Во все продолжение навигации Наполеон любил заниматься разговорами с сопровождавшими его генералами и учеными и беседовал с ними сообразно занятиям каждого. С Монжем и Бертолетом, которых часто призывал к себе, он рассуждал о науках положительных и даже о метафизике и политике. Генерал Кафарелли Дуфолга, которого он особенно любил и уважал, доставлял ему также ежедневные случаи к развлечению живостью своего ума и привлекательностью разговоров. Наполеон находил удовольствие беседовать после обеда и предлагать самые затруднительные вопросы о важнейших предметах; он подстрекал своих собеседников к спорам или для того, чтобы изучать их характеры, или затем, чтобы самому черпать из источника их познаний, и всегда отдавал предпочтение тому из них, который смелее и ловчее поддерживал неправдоподобные парадоксы. Ясно, что эти разговоры были для него, так сказать, только умственной гимнастикой. Он любил также рассуждать о начале мира и о вероятном его разрушении.

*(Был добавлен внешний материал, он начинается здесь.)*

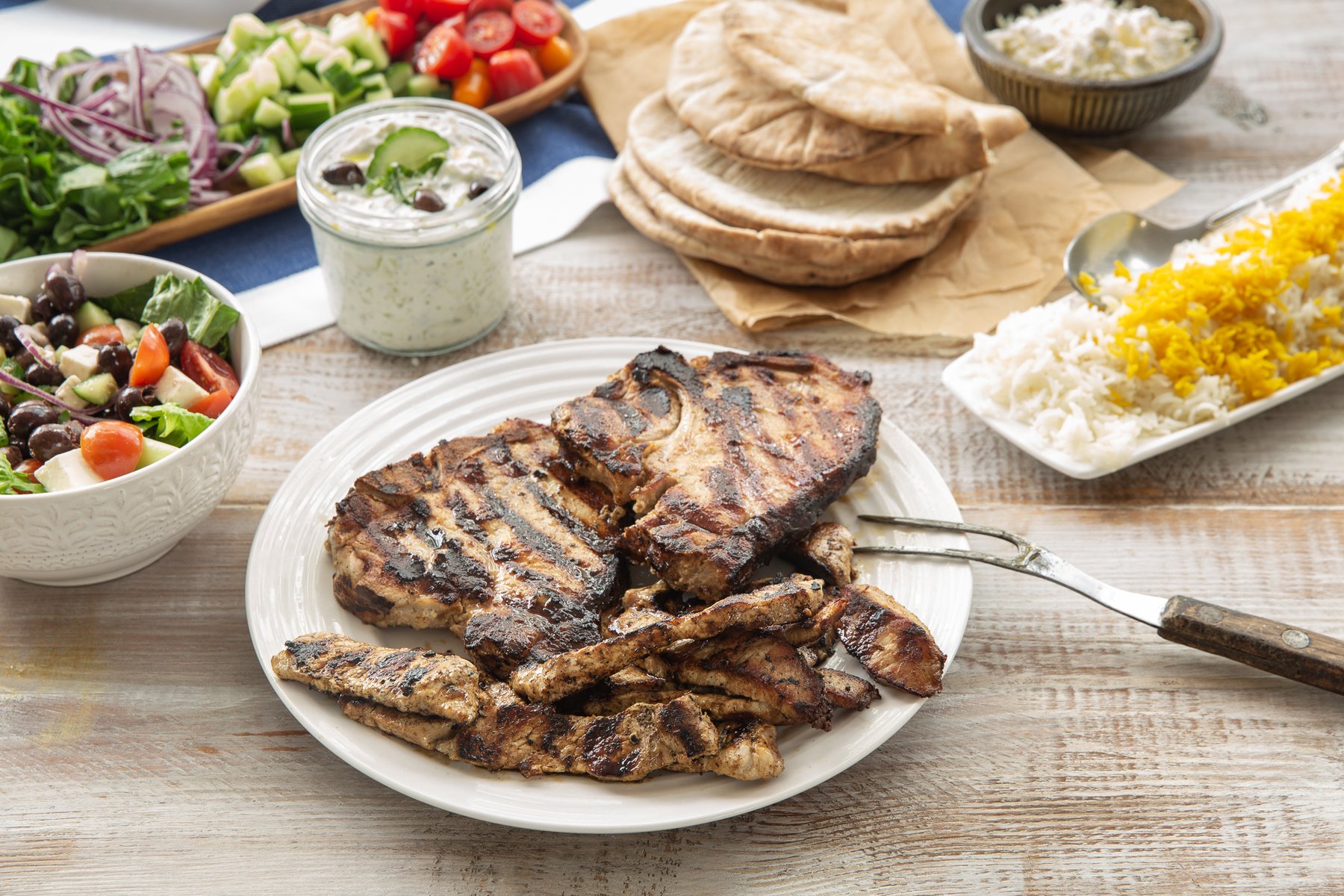 Grilled pork chop with sides of barbecue sauce, rice with saffron, pita bread, and a vegetable salad with tomatoes, cucumbers, onions, and olives on a rustic wooden table.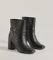 Show off a stylish stride in these sleek faux leather booties with a cross front and back buckle strappy design. They feature an above-the-ankle height. a square toe. an inner zipper closure. and a sturdy block heel.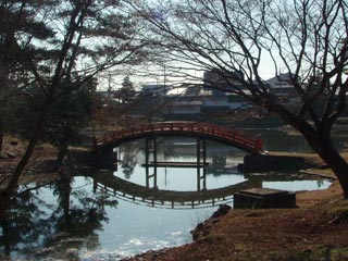 奈良ホテル側から、旧大乗院庭園を臨む。天気がイイので橋がくっきり。

Мысль его и воображение останавливались только на одних важных и обширных предметах.


После благополучного двадцатидневного плавания французская эскадра 10 июня пришла к Мальте и заняла ее без сопротивления, что заставило Кафарелли после осмотра укреплений сказать Бонапарту: «Ну, генерал, слава Богу, что еще нашлось кому отворить нам ворота крепости». Однако же Наполеон, в бытность даже на острове Святой Елены, не сознавался в том, что Мальта сдалась ему вследствие тайных отношений. Он говорил: «Я взял Мальту в Мантуе; великодушный поступок с Вурмзером склонил к покорности гроссмейстера и кавалеров». Но Бурриенн, напротив, утверждает, что кавалеры нисколько не участвовали в этом деле.

Как бы то ни было, только Наполеон недолго оставался в Мальте. Флот поплыл к Кандие и 25 июня пришел к этому острову; этот-то самый объезд и обманул Нельсона, который полагал встретить французскую эскадру при Александрии. Случай весьма счастливый для французов, и Брюэс говорил, что английский адмирал, будь с ним не более десяти кораблей, имел бы на своей стороне все ручательства в успехе. «Дай Господи,—часто говаривал он, глубоко вздыхая,—дай Господи не встретиться нам с англичанами!»

Не выходя на берег Африки, Бонапарт решил еще раз обратиться к своим воинам, чтобы более возбудить их энтузиазм напоминанием предстоящего огромного подвига и предупредить об опасностях на случай, если бы они упали духом или не стали строго соблюдать дисциплину. Вот знаменитая прокламация, изданная им по этому случаю:

«Бонапарт, член Национальной академии, главнокомандующий войсками.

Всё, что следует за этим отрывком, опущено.